Phil Kessel and PK Subban, the pieces that can put the Oilers on the road to a championship.

Written by ebookingservices

In mid-August we still have big names in the league that have not finished their contracts once they reached free agency on July 13, they are those of the forward Phil Kessel and defender PK Subban, and they are not few, rather the opposite, the rumors that place both players in the orbit of the Edmonton Oilers.

Phil Kessel is already far from the top of his game, but the Oilers are already full of stellar play with the presence on their roster of Connor McDavid Y Leon Draisaitl, with the arrival of the hitherto player of the Arizona Coyotes, the tankers would have another line that would give the opposing defense pauseapart from reinforcing an important area for any team that opts for the championship as the power play.
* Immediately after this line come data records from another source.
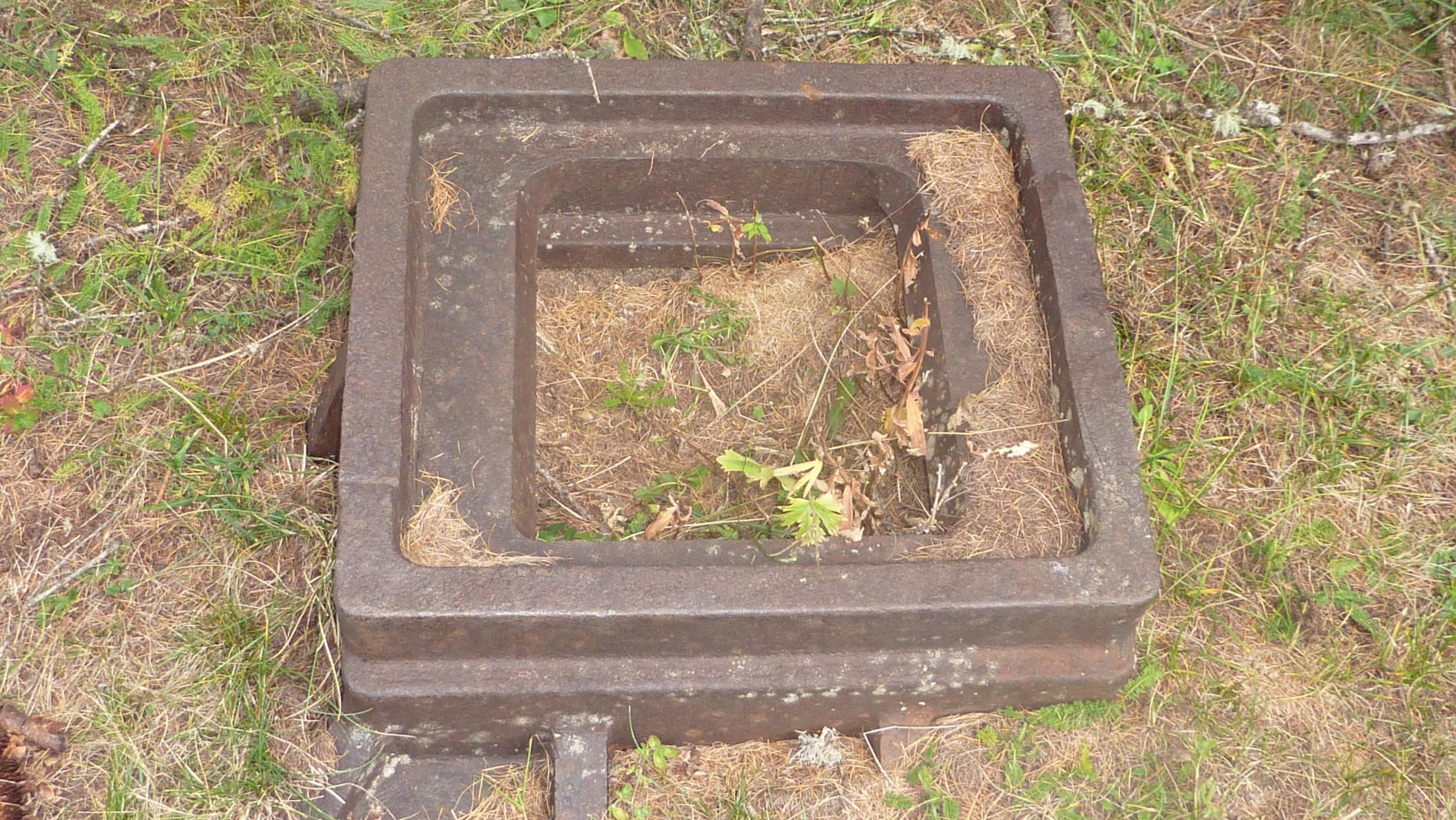 La trémie qui gise par terre près d'un ouvrage bien connu est un petit mystère. Il est probable qu'il s'agisse de celle prévue dans les commandes pour l'ouvrage des Trois communes qui ne fut jamais réalisé. Un recyclage en quelque sorte.
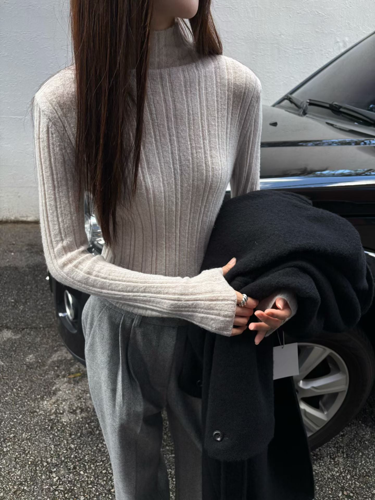 - 微高領設計(不挑脖型):不貼喉、不悶熱,剛剛好的高度,秋冬單穿優雅、內搭不厚重。
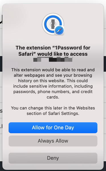 2 years agoThe extension "1Password for Safari" would like access ip_address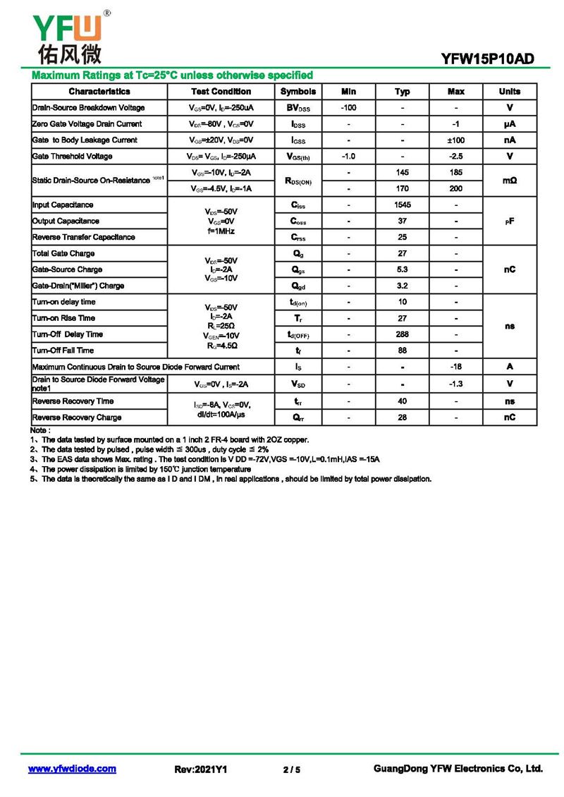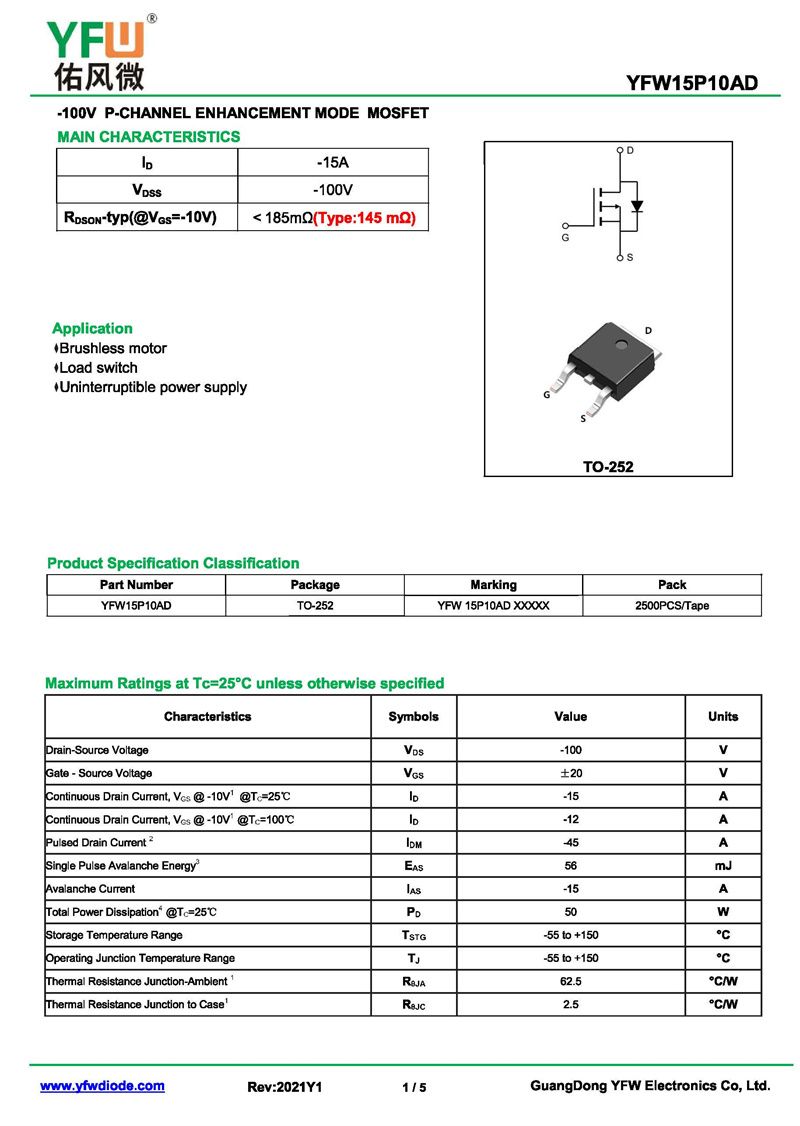 場效應管YFW15P10AD 規格書_價格_PDF手冊-廣東佑風微原廠YFW15P10AD TO-252_(YFW佑風微)品牌
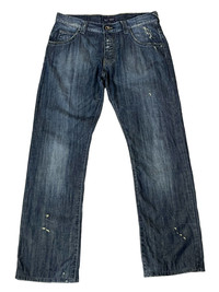 🔥🔥ACCEPT BINDING OFFER🔥🔥 FYE🔥ARMANI JEANS “WONDER BOY”STRAIGHT CUT JEANS(jb-2) ************************************* 👉in good condition..like 8/10.pre owned/used..distressed style. 👉material 100% cotton 👉made in ITALY. 👉size 32..waist(16")32"/inseam 30"/front rise 9.5"/knee 8.5”/open leg (8")16" 👉ship in 2-3day after payment made.fast shipping with DHL or FEDEX or POST MALAYSIA c.w tracking number.Estimated delivery 4-10 day depend on your location. 👉WE ACCEPT PAYPAL and STRIKE, ✌✌✌✌THANK YOU✌✌✌✌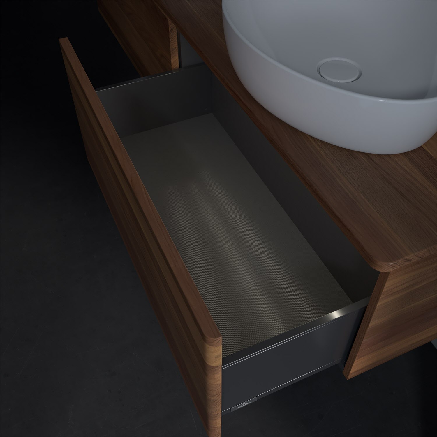 - kein Umfallen oder Verrutschen von Pflegeprodukten in den Schubladen dank rutschhemmendem Boden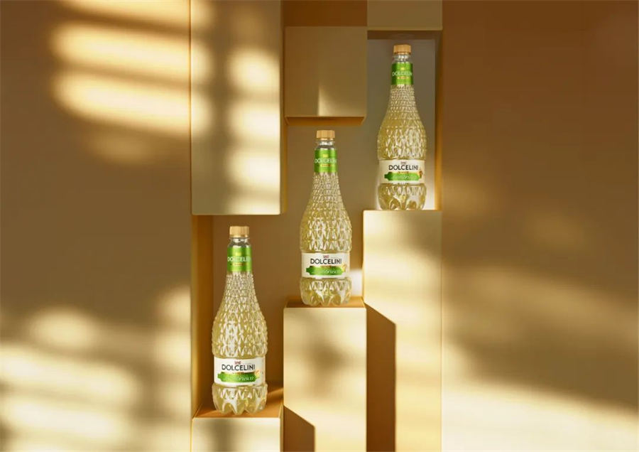 这个多乐里尼酒精饮料包装设计是基于一个优雅的钻石图案,反映了水在意大利著名的阿马尔菲海岸闪闪发光。在塑料瓶上,这种图案是通过成型产生的,使表面表现力和质地。在铝罐上,图案是打印和加强铝底座的光泽,创造一个闪烁和轻量级的效果。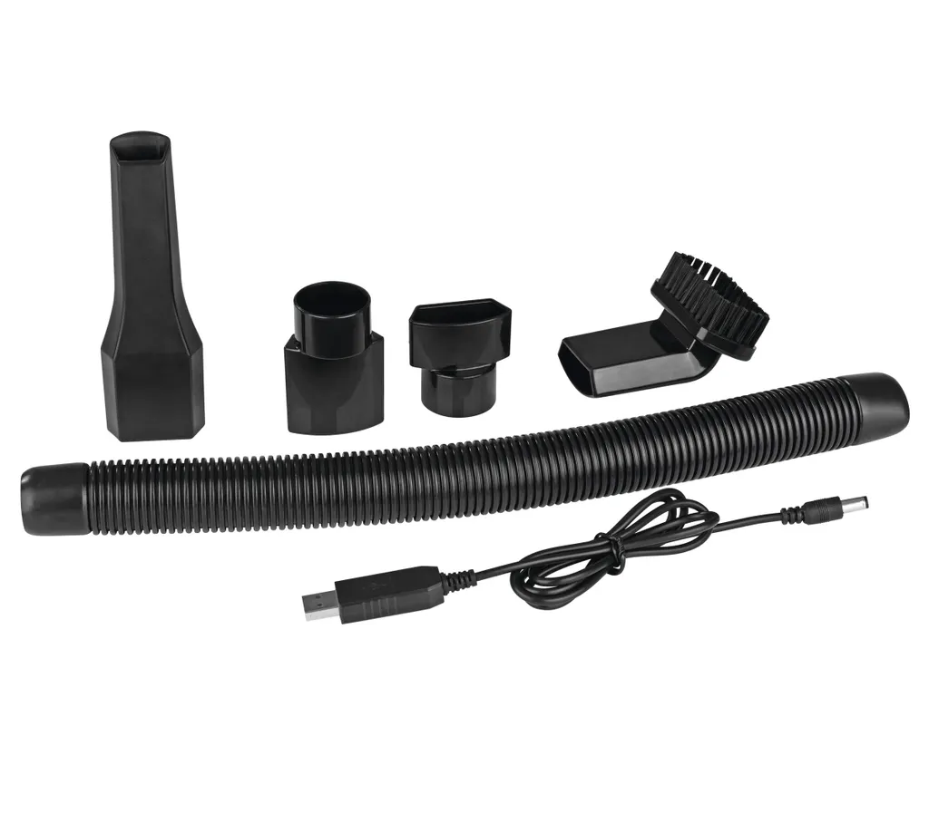 - Lieferumfang: 1x Akku-Handstaubsauger, 1x Fugendüse, 1x Bürstendüse, 1x Verlängerungsschlauch, 2x Adapter 1 x USB-Kabel.

All this without forgetting the champion experience of a player who was the support of another spectacular duo, the one formed by sidney crosby Y Yevgeny Malkin in the last bi-championship of the Pittsburgh Penguins.

About Subban PKtrue that not even in his stellar time, the defense was still occupying the blue line, his strong point, if not his ability to threaten the opposing goal from there, something that has been accused over the years. He has experience in playoff, and if it is possible to negotiate an economically advantageous contract, it can be a more than interesting reinforcement.

Open salary space, the challenge of Ken Holland

With the salary limit, not only sports considerations are enough, economic ones count and they are decisive when designing a template. And although the operation is logical from the first point, from the second, today it is unrealizable since Edmonton exceeds the limit this season by just over six million which reaches 82.5 million dollars.

The NHL transfer market is not easy and taking into account that practically a third of the franchises are in the same situation of excess salary, and that those that have that margin are not willing to squander it, the negotiations become a great challenge for the office of Ken Holland.

The general manager does not want to be involved in a spiral in which he ends up transferring players not because the team wins whole, but because the circumstances force him to, a premise that usually translates into ridiculous returns regarding the value of the transferred player.

If Holland finds that gap for the arrival of both players, without a doubt, Edmonton’s betting odds for next season are going to win integers.